В гостиной мы расположились за столом, который был уставлен различной едой. Влад, как всегда, фонтанировал энергией: разливал вино, сыпал шутками, живописуя подробности нашего первого свидания. А я, сидя напротив Александра Сергеевича, чувствовала, как его взгляд, подобно змее, скользит по моей шее, запястьям, губам. Бокал в моей руке задрожал, и я поспешно поставила его на стол, опасаясь расплескать вино.
— Пап, Алёна пишет стихи, — неожиданно выпалил Влад, и я едва не поперхнулась.
— Неужели? — Александр подался вперед, опираясь локтями о стол, словно намереваясь вытеснить меня из пространства. — Какие? О любви?

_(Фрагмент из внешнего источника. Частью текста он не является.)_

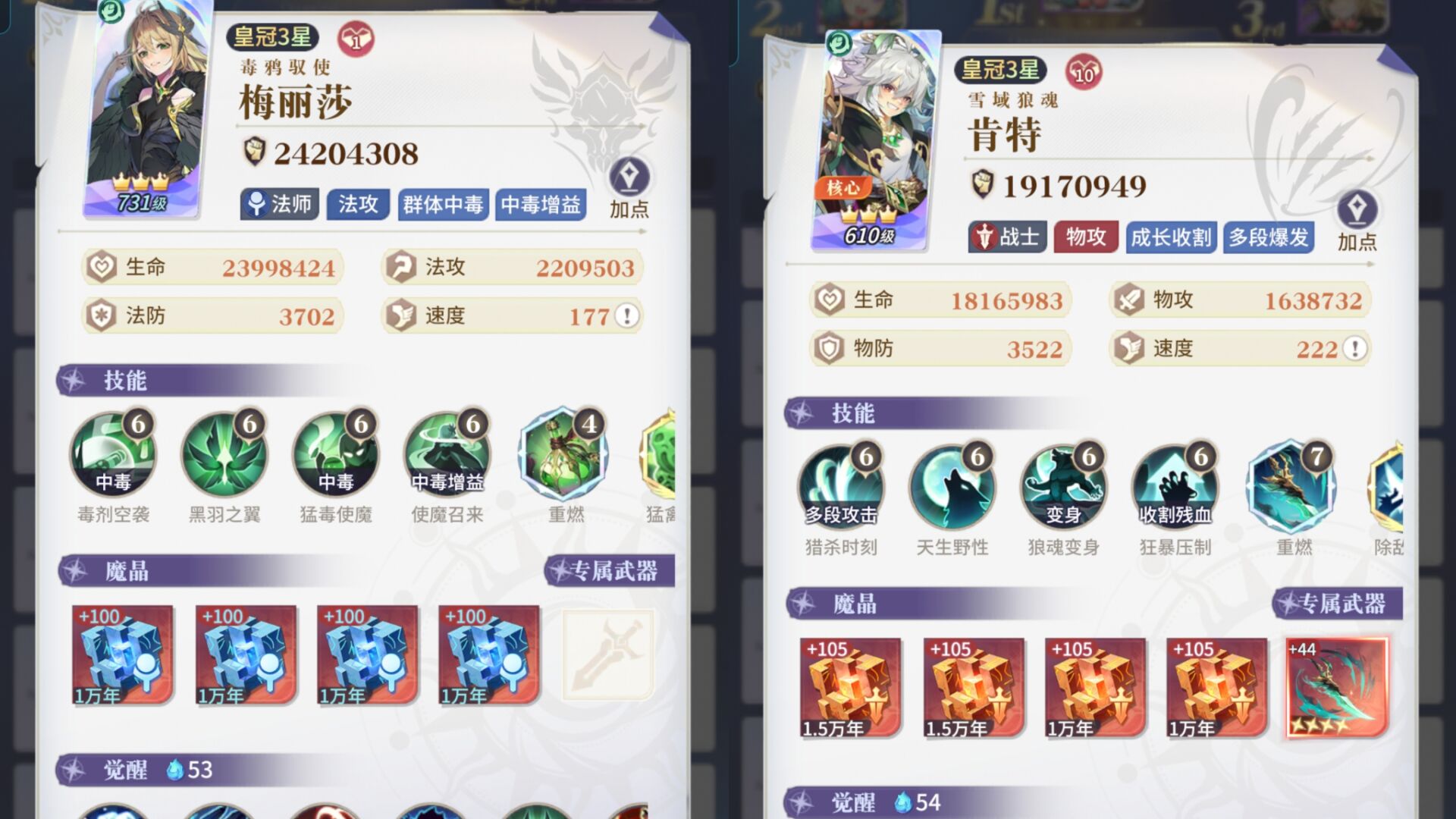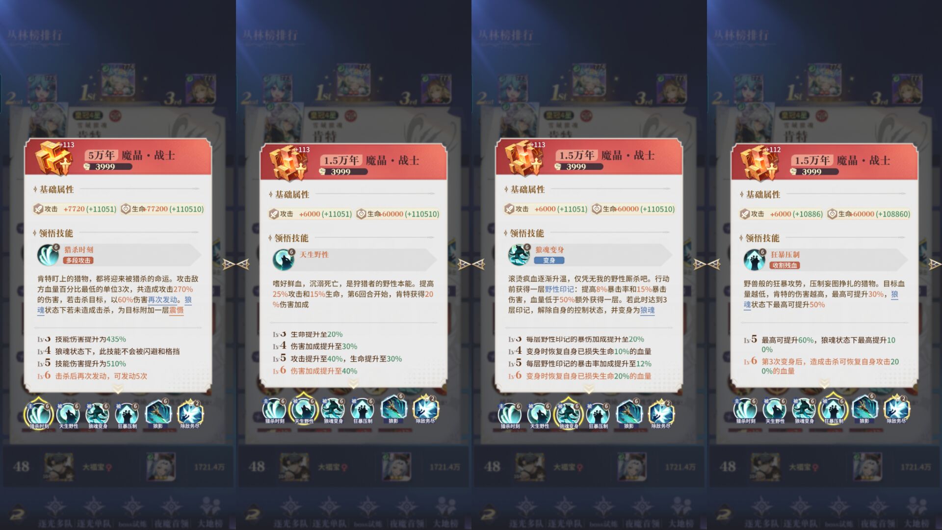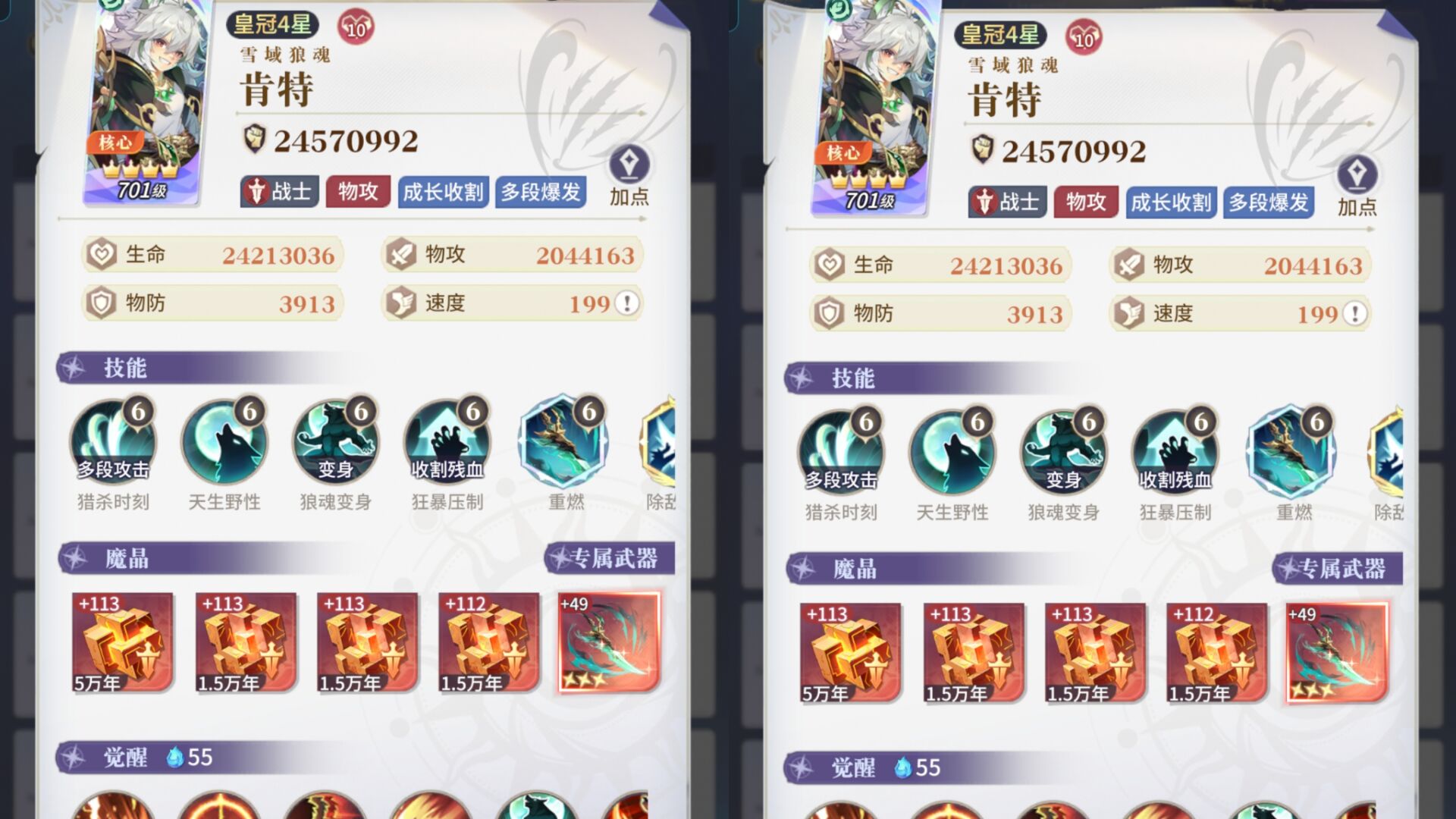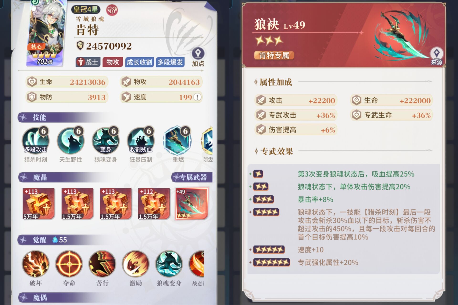 狼人起码也得永恒5星以上才比较好用,而且还有一点就是需要万年魔晶,没有万年魔晶的狼人伤害也是差一大截的。

В его голосе звучала мягкость, но в самом вопросе чувствовалась острота бритвы. Я опустила глаза, ощущая, как вспыхивает румянец на щеках.
— Нет… скорее, о свободе.
Он усмехнулся, словно разгадал мою ложь.
— Свобода — понятие иллюзорное. Все мы заключены в клетки, — произнес он, медленно обводя взглядом гостиную. — Даже если решетки невидимы.
Влад, не уловив скрытого смысла, весело рассмеялся и вскочил с места:
— Пойду проверю десерт! Вы пока познакомьтесь поближе!
Тишина, воцарившаяся после его ухода, стала густой и вязкой, как смола. Александр поднял мой бокал и протянул мне. Наши пальцы едва коснулись, но это касание отозвалось во мне волной мурашек.
— Вы боитесь меня, Алёна? — прошептал он так тихо, что слова, казалось, были предназначены только для меня.
— Нет… — выдохнула я, но он перебил:
— Лжете. И это хорошо. Страх — это признак инстинкта самосохранения.
Он откинулся на спинку стула, рассматривая меня с холодным любопытством, словно диковинный экспонат.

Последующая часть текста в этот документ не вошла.